Конечно, свободная воля нужна не только для того, чтобы стоять на ногах. Она нужна – и для Фонтене это драматическая точка пересечения между гегелевской натурфилософией и его философией права, – чтобы распоряжаться собственной жизнью. У людей в этой связи имеется знание о смерти, которое и делает акт свободной воли основным принципом человеческой жизни[119]. Животные не то чтобы не чувствуют и не страдают, как у Декарта. Наоборот, они чувствуют и страдают сполна, но не знают о смерти, не могут по-настоящему умереть, смерть не существует для них как нечто осознаваемое. А если они не распоряжаются по-настоящему собственной смертью и, значит, не распоряжаются по-настоящему собственной жизнью, они не могут быть и субъектами закона – об этом Гегель пишет, соответственно, в «Философии права»[120]. Животные не владеют, не распоряжаются своей жизнью и смертью, зато мы можем распоряжаться не только своей, но и их жизнями. Вот так, заключает Фонтене, действует метафизическая машина (которую, напомню, Агамбен называет антропологической): она дает людям всю власть распоряжаться жизнью животных на свое усмотрение, в соответствии со своими потребностями и желаниями. Фонтене призывает покончить с этой «кровавой тавтологией»[121].

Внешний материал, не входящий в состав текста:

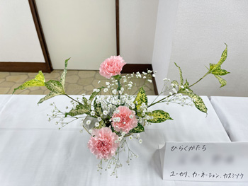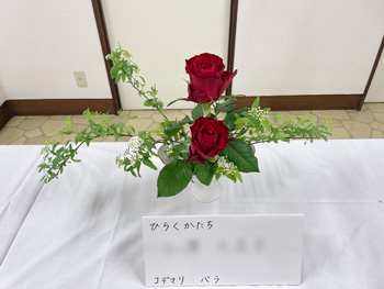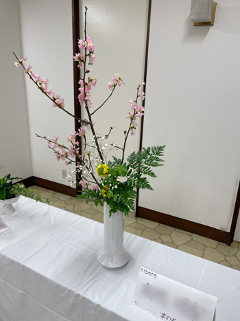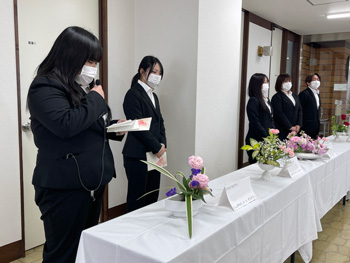 花材の扱い方、構成の考え方、季節感の表現などを丁寧に学んできました。発表会では、1年間の学びを生かし『ひらくかたち』『たてるかたち』など、学生それぞれが工夫を凝らした色とりどりの作品が並びました。教員や学生たちも、作品に込められた個性や成長を興味深く鑑賞していました。

Невозможно не согласиться с этим требованием, возникающим из желания отдать справедливость животным после многих веков угнетения и вытеснения. Выражая полную солидарность с этой критикой, я, тем не менее, хочу напомнить, что она черпает свою легитимность из эмансипаторной этико-политической интеллектуальной повестки XX века и общей теоретической установки – от Хайдеггера и Батая, через постструктурализм и деконструкцию, и до современного постгуманизма – покончить со всей метафизической традицией, выйти за ее пределы. Лакан резюмировал эту установку еще в 1955 году: «Мне не очень нравится, когда кто-нибудь утверждает, будто Гегеля или, скажем, Декарта уже превзошли. Да, мы всё превосходим и остаемся ровно на том же месте»[122].
Если мы хотим поймать хотя бы часть кота, выпрыгнувшего из метафизического мешка, я полагаю, следует набраться терпения, вернуться именно к той точке, которую мы «превзошли» (по Лакану, мы все еще там), и поискать в ней другого Гегеля. Хотя этот другой будет на самом деле тем же самым, Гегелем тотальности системы, в этой системе животные будут играть более двусмысленную и вместе с тем более важную роль. Дело в том, что, обращая внимание исключительно на репрессивные аспекты различия между человеком и животным, мы рискуем оказаться в поле чисто этической проблематики. Это не заведет нас далеко, а скорее размажет по поверхности «слишком человеческого» самосознания или даже «нечистой совести» философии, в которой давно стерты все звериные следы.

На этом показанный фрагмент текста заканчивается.